Raspberry Pi Human Radio Interface for Opulent Voice

Getting Started

  1. Install dependencies

pip3 install -r requirements.txt

  1. Or install manually

pip3 install opuslib pyaudio gpiozero PyYAML numpy

  1. On Raspberry Pi, pyaudio might need:

sudo apt install python3-pyaudio

17 July 2025 Documentation

Dungeon Rooms Conquered

🏛️ Hall of Live Audio - Real-time streaming works perfectly

🏰 Chamber of Transmissions - PTT boundary detection mastered

📚 Library of Storage - Server-side audio persistence achieved

🎭 Theater of Playback - Web Audio API tamed

⏰ Temporal Sanctum - ID synchronization completed

🌐 Portal of Integration - CLI + Web unified

🎯 Critical Success Rolls

Audio Transmission System 🎲 NAT 20!

157 audio packets successfully stored and retrieved

6.28 seconds of audio perfectly reconstructed

Base64 encoding/decoding flawless execution

Web Audio API casting successful

Real-Time Communication 🎲 19 + 5 = 24

WebSocket magic circles stable and responsive

PTT control messages delivered instantly

Live audio indicators updating in real-time

User Experience Design 🎲 18 + 3 = 21

Glassmorphism UI provides +5 to user satisfaction

Audio waveform animations add +3 to immersion

Notification system grants advantage on awareness checks

16 July 2025 Documentation

Transmission Grouping in Web Interface is Working

✅ Control messages reaching JavaScript (lots of work to fix missing methods! controls were being sent as texts)

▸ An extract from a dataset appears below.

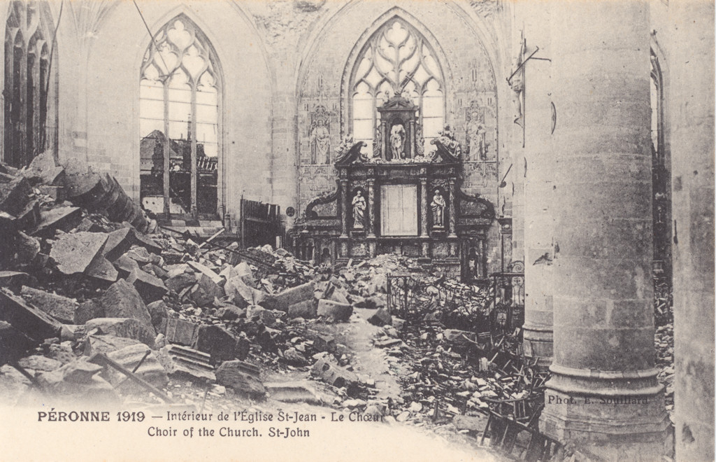 | Légende principale | Péronne 1919 - Intérieur de l'Église St-Jean - Le Chœur Choir of the Church. St-John |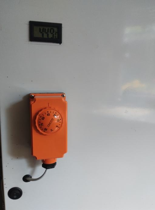 Grijač i ventilator nalaze se u donjem dijelu na mjestu kompresora i kroz donji otvor ubacuju topli zrak u kućište. Kroz gornji otvor i kanal na stražnjoj strani kućišta zrak se vraća na grijač i cirkulira kroz kućište. Guma na vratima i kućište u odličnom stanju(kao novo) .Uz malu dogradnju može poslužtii kao klijalište , sušara za pelud ili voće.

✅ PTT boundaries detected, so that Opus packets can be grouped.

✅ Audio packets grouped into transmissions - this is happening in the web interface (yay!)

✅ Single UI bubble per transmission (yay!)

✅ Correct packet count and duration calculation

✅ Much cleaner UI (one bubble instead of hundreds!)

🚫 Not working: audio playback. It acts like it wants to play back the audio, and it takes as long as the audio UI bubble claims it should take, but nothing heard in headphones.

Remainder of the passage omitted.